Source src/ops/runtime.tssrc/ops/detect.tssrc/ops/supervisor.tsscripts/support/ops-host.ts
The supervisor is an in-process library at the @pwngh/economy-lab/ops entry point. It lives in
the tree at src/ops, but the dependency runs one way: the core never imports it (an eslint
boundary enforces the direction), it observes only through the meter and logger ports the
composition already carries, and it acts only through levers the host hands it. Leaving it out
of the composition is the off switch — the lab cannot tell whether it is being observed.
Signal capture
opsRuntime wraps the host’s meter and logger, forwarding every call unchanged while copying
each into a bounded in-memory ring (default 10,000 signals). Detectors read the buffer through
SignalFeed.since(t). Log entries are buffered as name and level only — field payloads never
outlive the host’s own log pipeline.
const runtime = opsRuntime({ meter, logger, clock });
const caps = await capabilitiesFromEnv(env, ports, {
meter: runtime.meter,
logger: runtime.logger,
});
The signatures
Detection is a fixed set of plain threshold rules — no models, no inference. Twelve signatures, three autonomy tiers in practice: report, escalate, or act. Every signature links its runbook.
| Signature | Response |
|---|---|
| stuck-saga | Act: one guarded worker sweep, verified by re-reading the saga. |
| outbox-backlog | Act: a targeted relay re-drive, verified against the next backlog gauge. |
| inbox-dead-letter | Act: revive the oldest dead rows; the normal drain re-applies them. |
| integrity-mismatch | Escalate and contain: prove once, pause the worker, never fix. |
| engine-stall, treasury-breach, signal-silence, retry-exhaustion | Escalate with the evidence attached. |
| deadlock-storm, velocity-anomaly, webhook-replay-storm, checkpoint-seal-slow | Advise, once per window. |
The guardrails
Every automatic action runs under the same mandatory pattern, recorded phase by phase in the
audit trail: detected → decided → acted → verified, with
escalated when automation gives up.
- Cooldown —
actionCooldownMsbetween actions per subject; a repeat inside it audits assuppressed. - Attempt cap — at
maxActionAttempts, the action converts into a permanent escalation and automation never touches that subject again. - Verification — every action is checked by re-reading what it should have changed: the saga’s state, the next backlog gauge, the revived rows.
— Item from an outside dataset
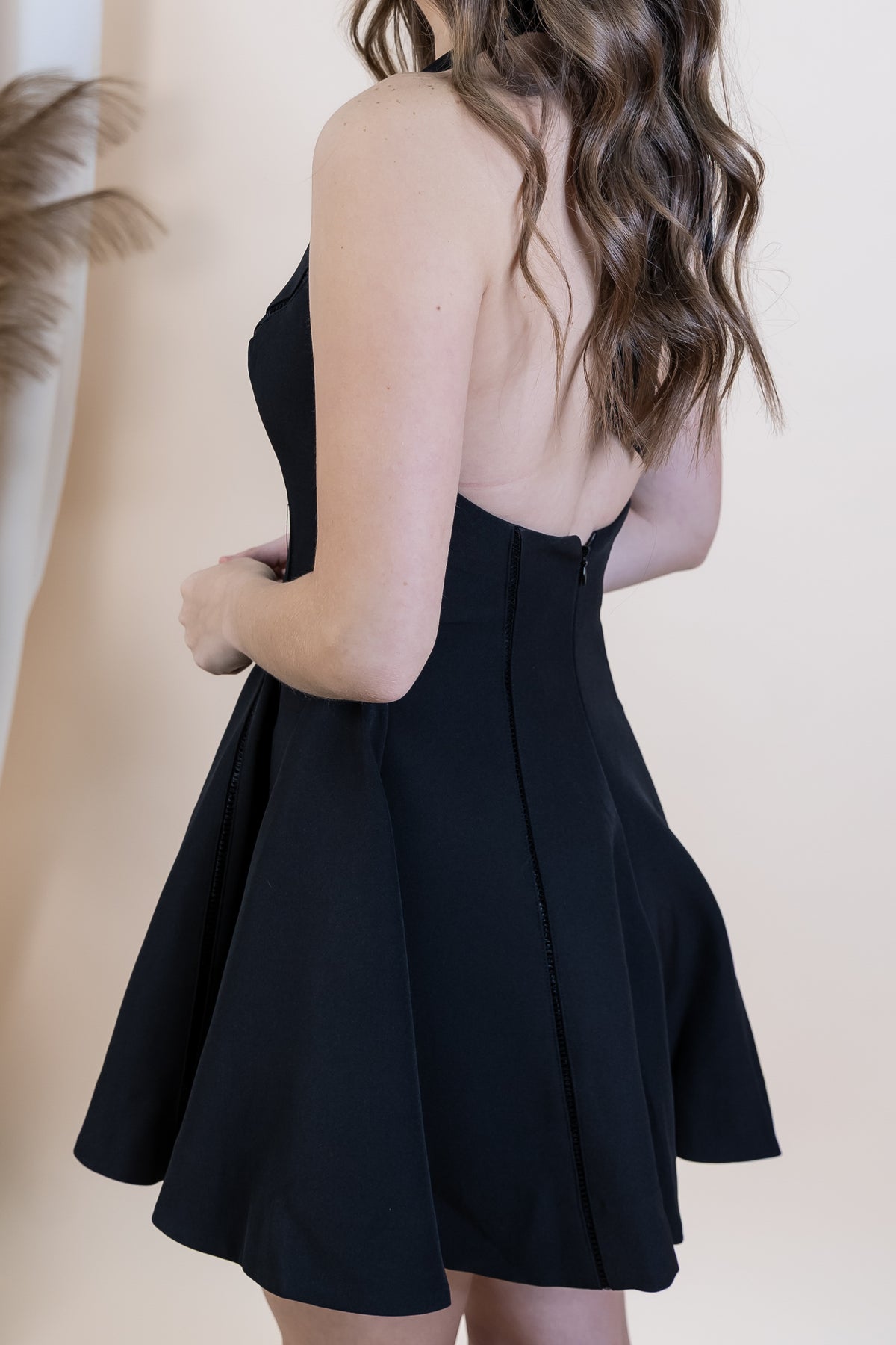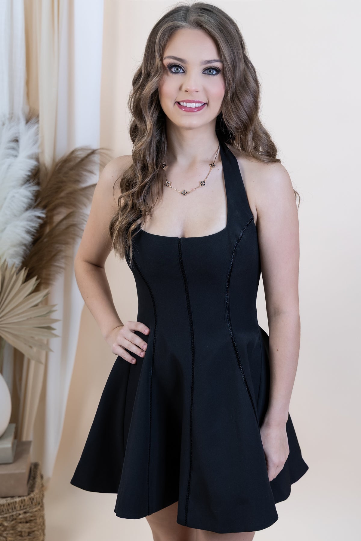 Flirty and fun, this black skater mini dress brings the perfect balance of sass and sophistication. The halter neck creates a flattering silhouette while delicate lace trim adds an unexpected touch of elegance to the neckline and hem. Perfect for date night, girls' night out, or whenever you want to feel confident and fabulous. Pair it with heels and your favorite accessories for an instant showstopper look that says you've got style for days.

- Containment — an integrity episode latches a flag that refuses every lever until the
supervisor restarts, and pauses the worker’s scheduled loop through
pauseWorker. The supervisor never resumes a paused worker; a human does.
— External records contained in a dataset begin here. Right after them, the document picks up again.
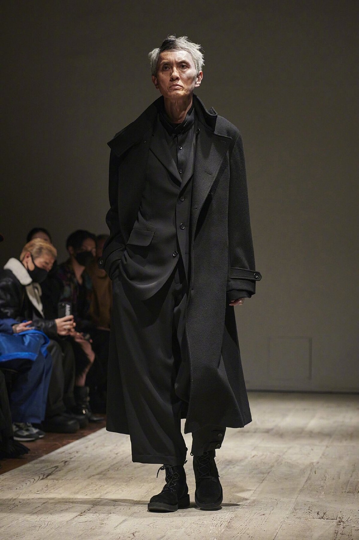 松重豐不只有當模特兒的資質,他也真的走上過伸展台!山本耀司Yohji Yamamoto 2022秋季男裝系列邀請5位日本銀髮演員來擔任模特兒,松重豐便是其中一位,穿上前衛設計的黑色裝束,架式確實不凡!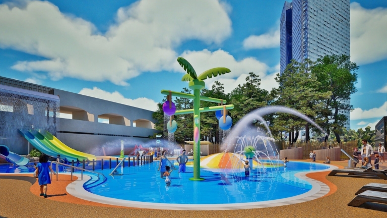【宮崎・シーガイア】滝から滑り出す新スライダー誕生!7/18「スプラッシュエリア」がオープン。宿泊者限定の“水遊び×遊具”の新聖地へ!恐竜ビュッフェ付き宿泊プランも登場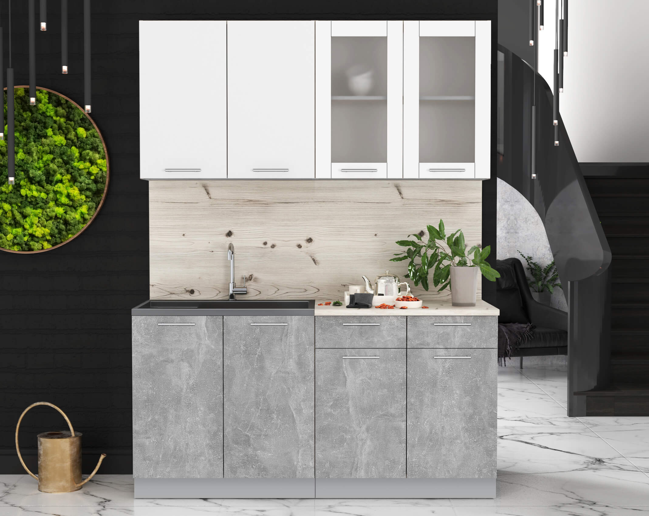 ГОТОВАЯ КУХНЯ "МИЛА16" (БЕЛЫЙ/ БЕТОН) - Yuta.by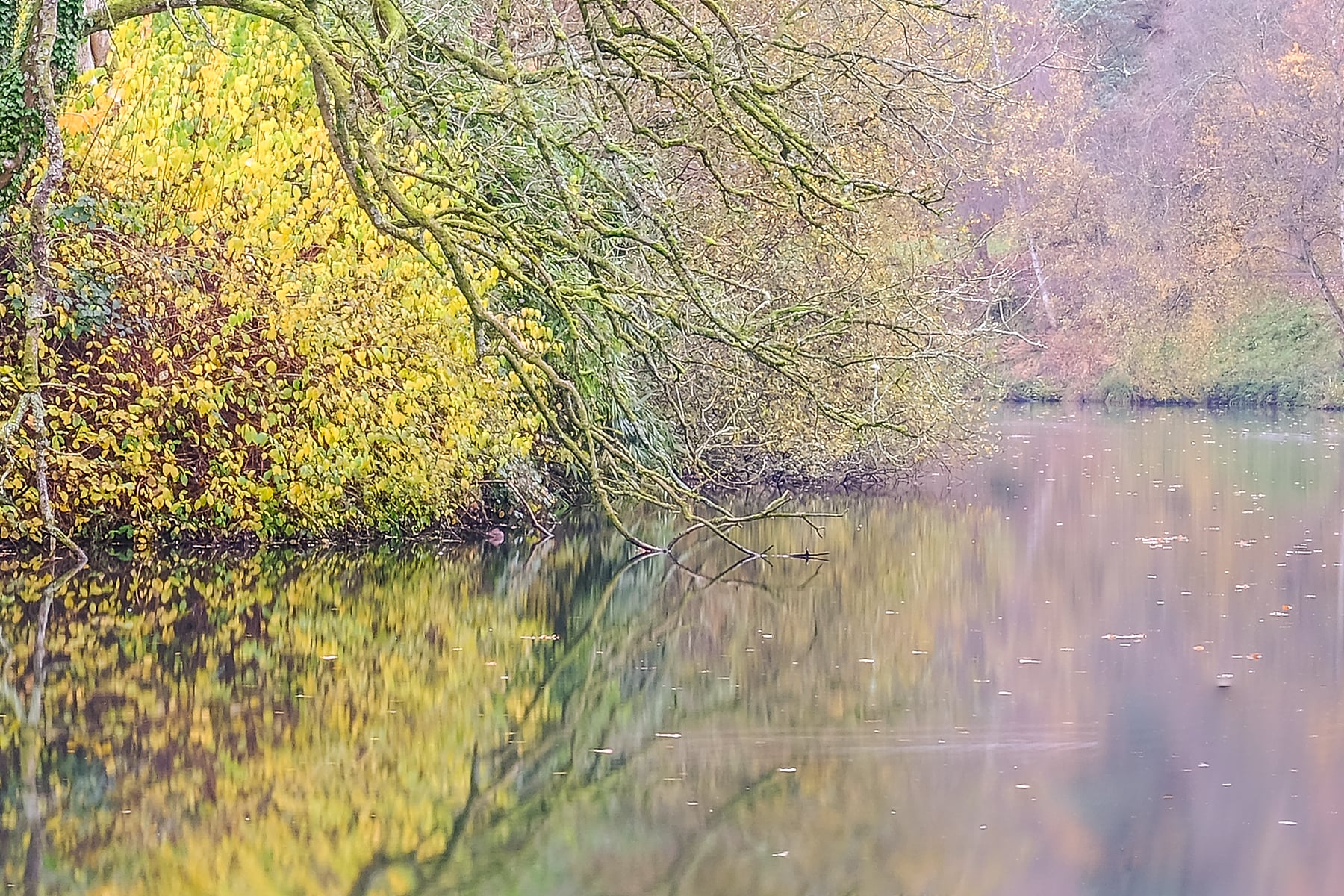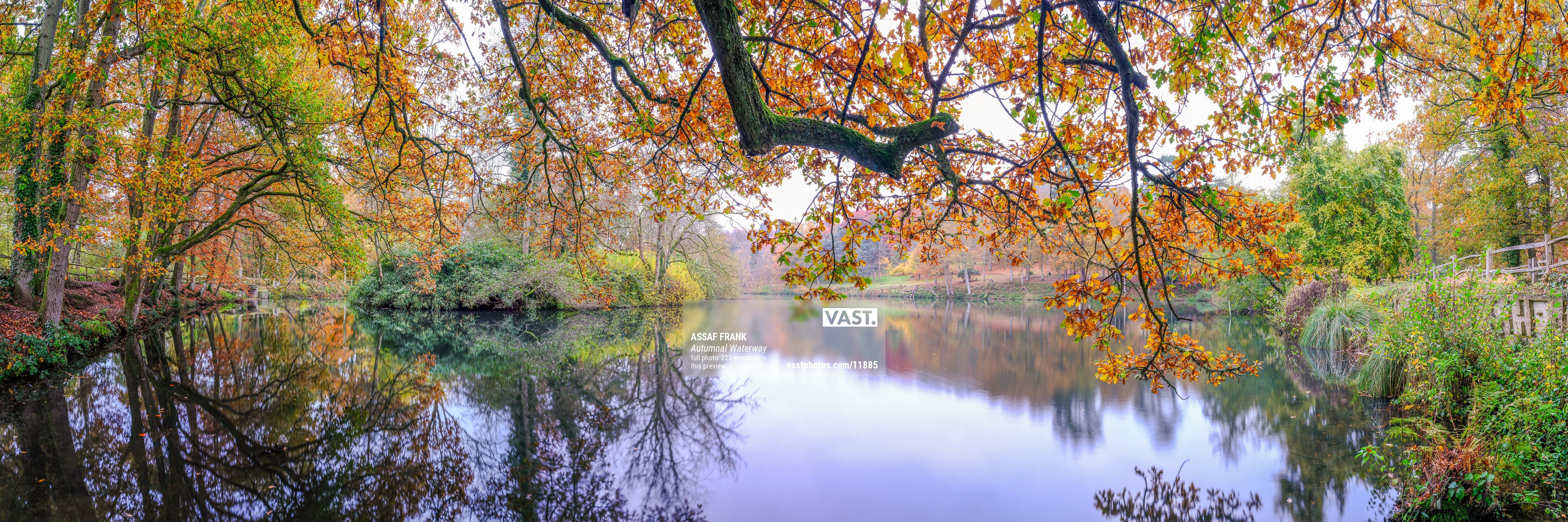 This breathtaking image captures a tranquil canal winding through an autumn forest, showcasing the beauty of the changing seasons. The overhanging branches, adorned with leaves in vibrant hues of orange, yellow, and red, frame the scene perfectly, their reflections shimmering on the still, glass-like surface of the water. The contrast between the colourful foliage and the calm blue water creates a visually striking composition, drawing the viewer into this serene natural setting.

The supervisor’s whole vocabulary is: call a host lever (runSweep, a targeted runRelay,
reviveInbox, pauseWorker, a read-only prove), write its own audit record. It never writes
ledger state, never mutates config, and keeps its detector state in memory — lost on restart,
deliberately, so a fresh process starts from observed reality.
Composing it
The host builds the supervisor next to the worker and hands it the levers. OPS=1 does exactly
this in the bundled worker process (OPS_INTERVAL_MS paces the ticks, default 60s):
// scripts/support/ops-host.ts — the OPS=1 seam, host-side only
const supervisor = createSupervisor(
{
clock: host.clock,
signals: runtime.signals,
sagas: levers.sagas,
runSweep: levers.runSweep,
runRelay: levers.runRelay,
reviveInbox: levers.reviveInbox,
pauseWorker: levers.pauseWorker,
audit: jsonlAuditSink((line) => process.stdout.write(`${line}\n`)),
},
intervalScheduler(),
);
Three demos wire the whole loop against a real in-memory economy: make demo-ops (the
stuck-saga closed loop), make demo-ops-integrity (tamper, prove, escalate, pause), and
make demo-ops-deadlock (a retry-pressure storm against a live SQL engine). The full export
surface is on the API reference.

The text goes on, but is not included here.